■ **Problem to solve**
Reproduce the data below exactly as written. Pictures do not belong in the copy.

■ **Provided data**
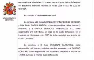 Consulta aquí al completo la sentencia de la Audiencia Nacional en la que se condena al ex tesorero general del PP Luis Bárcenas a 2 años de cárcel por pagar en 'b' más de 1 millón de euros de las obras de reforma de la sede 'popular' de Génova, al tiempo que al Partido Popular como responsable civil subsidiario de Bárcenas en la cuantía de 123.669 euros por el impuesto de Sociedades de Unifica de 2007.
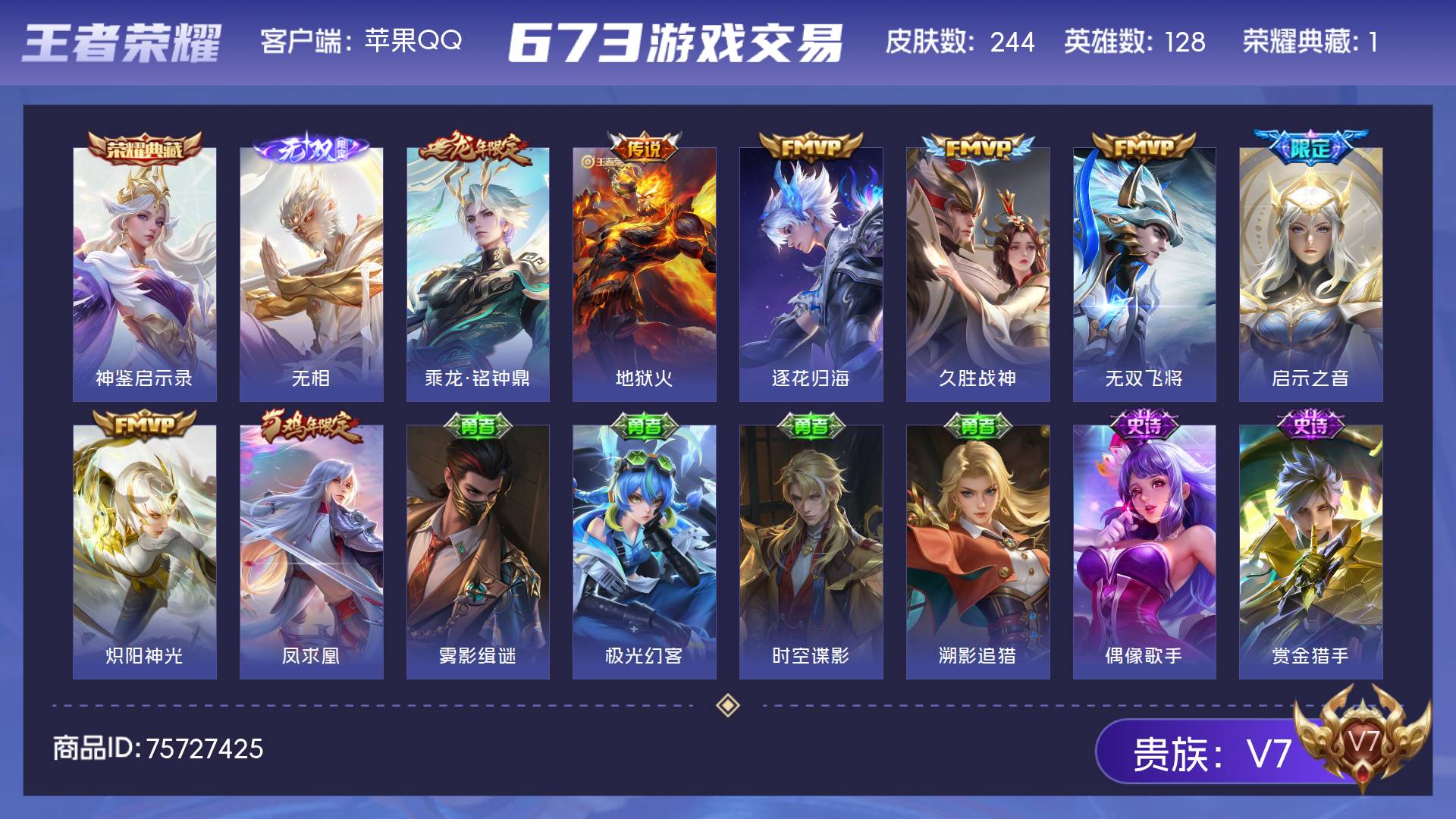 V7 皮肤244 英雄128 至尊星耀 荣耀典藏1 无双皮肤1 传说8 其他皮肤240
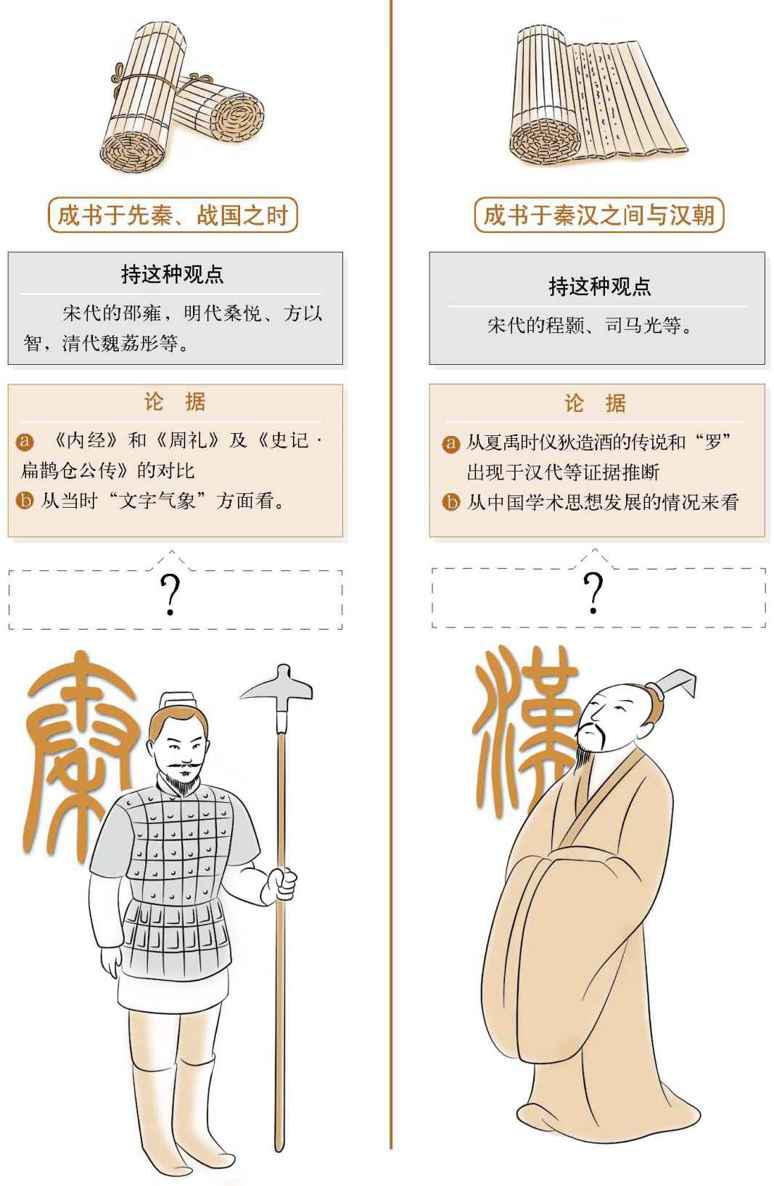 | 3 从《汉书·艺文志》载录的书目中可知,还记载有《黄帝外经》三十七卷,至今没有发现,似乎早已散佚。 | 4 关于它的出现年代,历代也有众多质疑之声,自宋及清,程颐、司马光、朱熹、方孝孺、魏荔彤、崔述等人都对其提出了质疑。 |

■ **Written answer**
 Consulta aquí al completo la sentencia de la Audiencia Nacional en la que se condena al ex tesorero general del PP Luis Bárcenas a 2 años de cárcel por pagar en 'b' más de 1 millón de euros de las obras de reforma de la sede 'popular' de Génova, al tiempo que al Partido Popular como responsable civil subsidiario de Bárcenas en la cuantía de 123.669 euros por el impuesto de Sociedades de Unifica de 2007.
 V7 皮肤244 英雄128 至尊星耀 荣耀典藏1 无双皮肤1 传说8 其他皮肤240
 | 3 从《汉书·艺文志》载录的书目中可知,还记载有《黄帝外经》三十七卷,至今没有发现,似乎早已散佚。 | 4 关于它的出现年代,历代也有众多质疑之声,自宋及清,程颐、司马光、朱熹、方孝孺、魏荔彤、崔述等人都对其提出了质疑。 |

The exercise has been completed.